But when she reached the next hill, with its far shining outlook, there was no Milt and no Teal bug on the road ahead.
CHAPTER XI
SAGEBRUSH TOURISTS OF THE GREAT HIGHWAY
She had rested for two days in Miles City; had seen the horse-market, with horse-wranglers in chaps; had taken dinner with army people at Fort Keogh, once the bulwark against the Sioux, now nodding over the dry grass on its parade ground.
By the Yellowstone River, past the Crow reservation, Claire had driven on through the Real West, along the Great Highway. The Red Trail and the Yellowstone Trail had joined now and she was one of the new Canterbury Pilgrims. Even Mr. Boltwood caught the trick of looking for licenses, and cried, "There's a Connecticut car!"
To the Easterner, a drive from New York to Cape Cod, over asphalt, is viewed as heroic, but here were cars that had casually started on thousand-mile vacations. She kept pace not only with large cars touring from St. Louis or Detroit to Glacier Park and Yellowstone, but also she found herself companionable with families of workmen, headed for a new town and a new job, and driving because a flivver, bought second-hand and soon to be sold again, was cheaper than trains.
"Sagebrush Tourists" these camping adventurers were called. Claire became used to small cars, with curtain-lights broken, bearing wash-boilers or refrigerators on the back, pasteboard suitcases lashed by rope to the running-board, frying pans and canvas water bottles dangling from top-rods. And once baby's personal laundry was seen flapping on a line across a tonneau!
In each car was what looked like the crowd at a large farm-auction—grandfather, father, mother, a couple of sons and two or three daughters, at least one baby in the arms of each grown-up, all jammed into two seats already filled with trunks and baby-carriages. And they were happy—incredibly happier than the smart people being conveyed in a bored way behind chauffeurs.

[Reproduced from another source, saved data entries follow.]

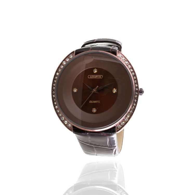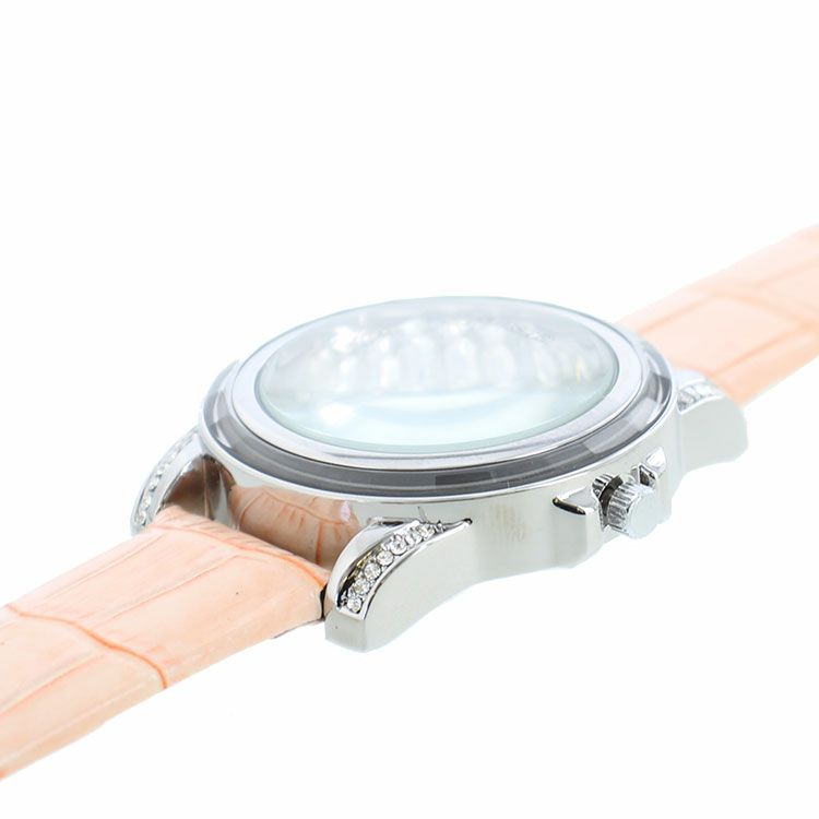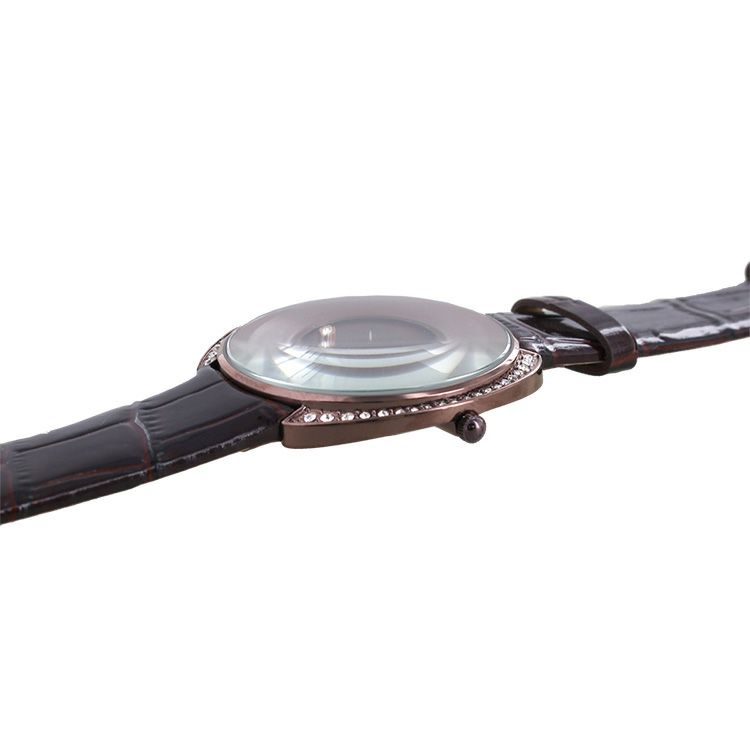 クリスタルガラスラウンドフェイス牛革ベルト腕時計/9020003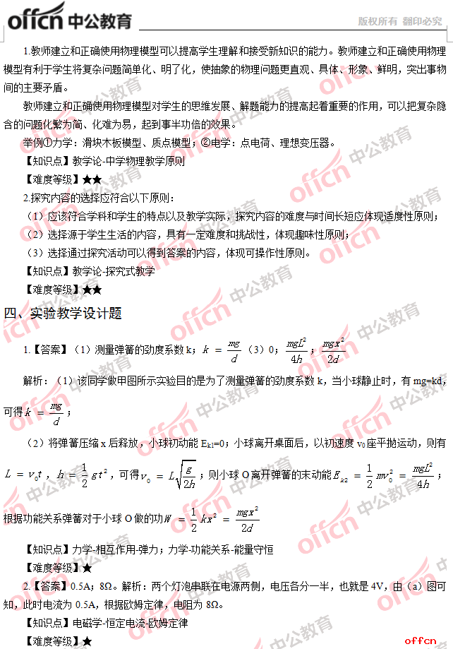 2017年江西教師招聘《高中物理》試題答案及解析
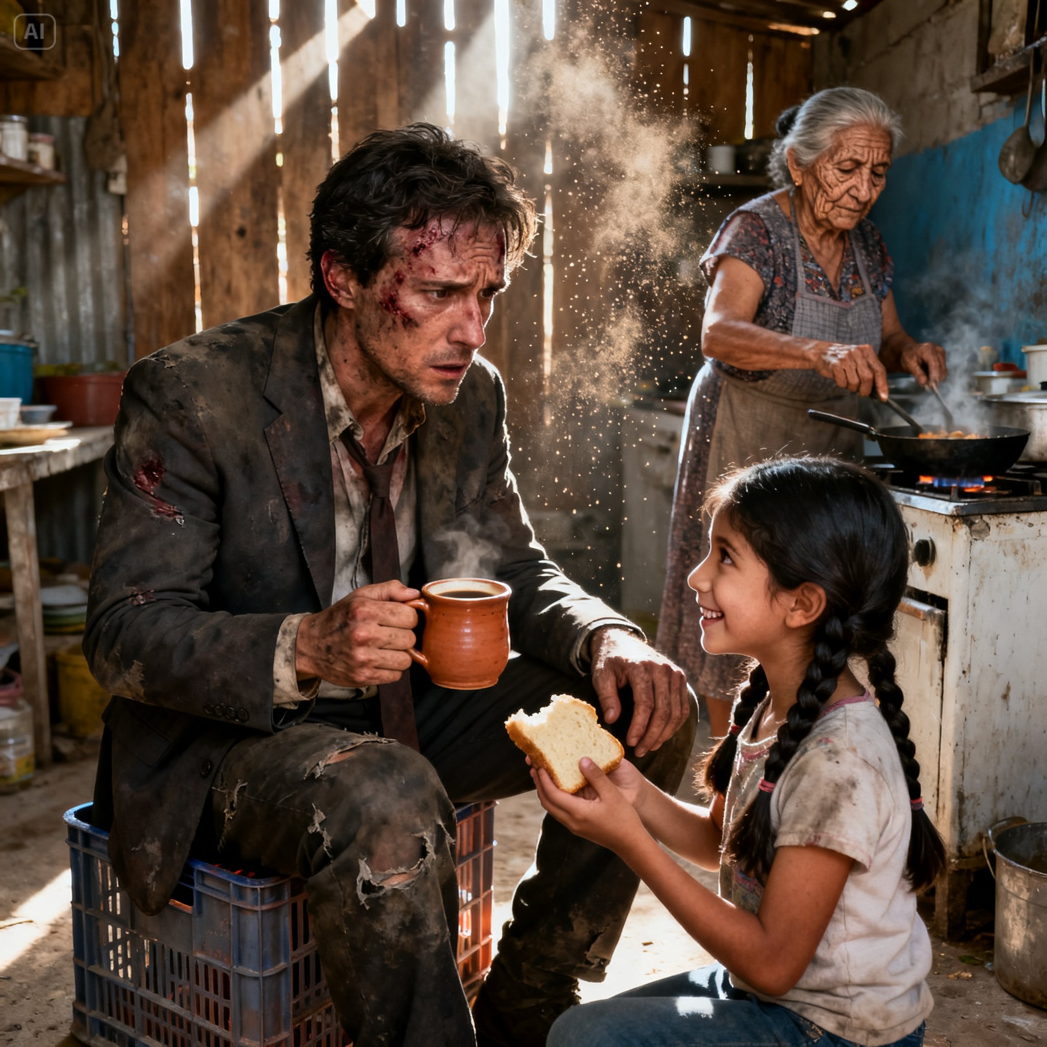 —”Mire, Mateo”— empezó Rosa, dejando su taza de café sobre la mesa y mirándolo fijamente a los ojos. Su mirada era dura, pero honesta. —”Vamos a hablar claro, porque aquí no nos andamos con rodeos. Anoche te dimos asilo porque no somos animales para dejarte tirado. Pero la situación está canija. Valeria y yo vivimos al día. Lo que pepenamos hoy, nos lo comemos mañana”.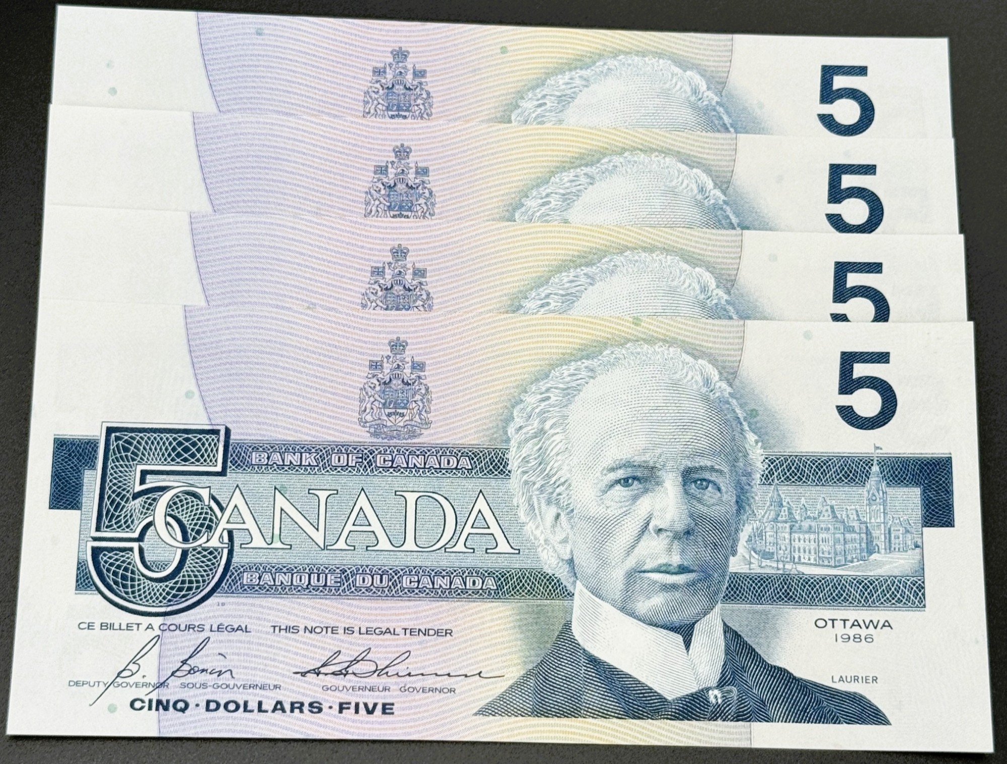 Banque du Canada – 5 Dollars 1986 – 4 Consécutifs – Bonin/Thiessen – Préfixe GPU – UNC

The Sagebrush Tourists made camp; covered the hood with a quilt from which the cotton was oozing; brought out the wash-boiler, did a washing, had dinner, sang about the fire; granther and the youngest baby gamboling together, while the limousinvalids, insulated from life by plate glass, preserved by their steady forty an hour from the commonness of seeing anything along the road, looked out at the campers for a second, sniffed, rolled on, wearily wondering whether they would find a good hotel that night—and why the deuce they hadn't come by train.